In the last post we had reduced our commits by matching them against pull requests; next, we can look for noise in the commit message content itself. Although I have been using the Octokit.NET repository as the target for testing with its low noise, high quality commit messages, we can envisage a less consistent repository that has some noisy commits. For example, how often have you seen or written commit messages like "Fixed spelling", "Fixed bug", or "Stuff"1?

How we detect these noisy commits is important; if our filtering is too simple, we remove too many things and if it is too strict, we remove too few. Rather than go deep into one specific implementation, I just want to introduce the idea of filtering based on message content. In the long term, I think it would be interesting to apply learning algorithms,  but I'm sure some simple, configurable pattern matching should suffice2.

If I run the filtering I have described so far3 on the Octokit.NET latest release, this is what we get:

The value of this is clearer if we see the commit list before processing:

The work so far has reduced a list of 135 commits down to 58, and so far, it looks like we have not lost any really useful "release note"-worthy information. However, the eagle-eyed among you may noticed that our 58 messages contain duplicate information. This is because each pull request is listed twice; once for the pull request title I inserted in place of its individual commits, and again for the merge commit that merged that pull request. These merge commits are not filtered out because they do not belong to the commits inside the pull request. Instead, they are an artifact of merging the pull request4.

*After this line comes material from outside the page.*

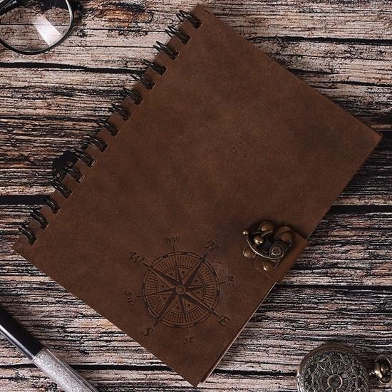 17,78 см (7") Кожаный спиральный дневник, блокнот для записей, тисненый вручную, коричневый, уникальный подарок для писателей и исследователей

At first, I thought the handy MergeCommitSha property of the pull request would help, but it turns out this refers to a test merge and is to be deprecated5. Instead, I realised that the messages I wanted to remove all had "Merge pull request #" in them, followed by the pull request number. This seems like a perfect use case for our pattern matching filtering. Since we have the pull requests, we could use their numbers to match each merge message exactly, but I decided to do the simpler thing of excluding any message starting with "Merge pull request #".

Filtering for messages that begin with "Merge pull request #" gives us a shortlist of just 31 messages:

I think this is a pretty good improvement over the raw commit list. Combining this list with links back to the relevant commits and pull requests should enable someone to discern the content of a release note much faster than using the raw commit list alone. I will leave that as an exercise or perhaps a future post. As always, thanks for reading. If you find yourself using Octokit to trawl your own repositories for release note information, I would love to hear about it in the comments.

  1. We're all friends here, you can admit it 

  2. The filtering should be configurable so that we can tailor it to the repository we are processing 

  3. excluding the last step of filtering by message content 

  4. Perhaps stating the obvious 

  5. https://developer.github.com/v3/pulls/